Talk:Oxygen therapy/Archive 1

Archive 1

Conditions

Is it really necessary that we list every condition treatable by each device? I think the article would be improved if instead we just described the type of condition that merits treatment by a device, rather than a specific problem. We don't need long lists in definitions; is "haemorhages" worht mention in the SFM section? This isn't to say that there aren't certain conditions that I believe are worth mention with certain devices, such as asthma with the nebulizer.

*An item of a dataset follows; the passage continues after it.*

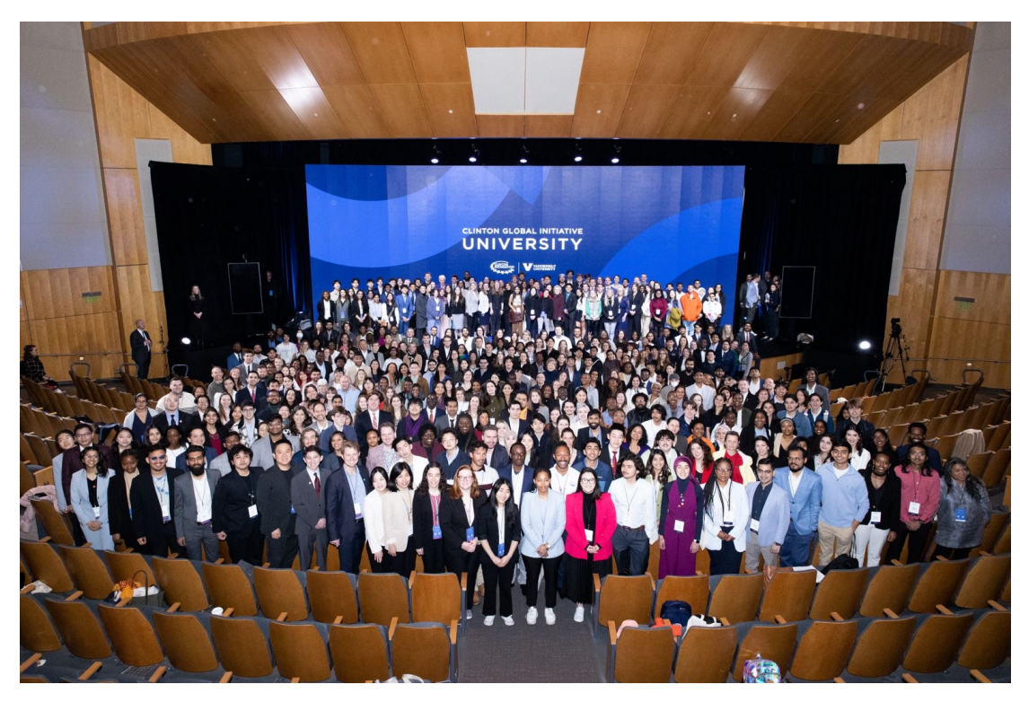
CGI U 2023 Class

Furthermore, it might be nice to have a brief description of hyperbaric chambers, if someone more knowlegdeable could throw one up.Shaggorama 10:57, 15 January 2006 (UTC)

Doppleganger

A doppleganger of this article has been written under the title Oxygen first aid. The article is significantly more comprehensive than this stub, and addresses some of the recommendations posed on this talk page. There is currently a move request placed on the article to move it here. your input would be appreciated.Shaggorama 11:54, 15 January 2006 (UTC)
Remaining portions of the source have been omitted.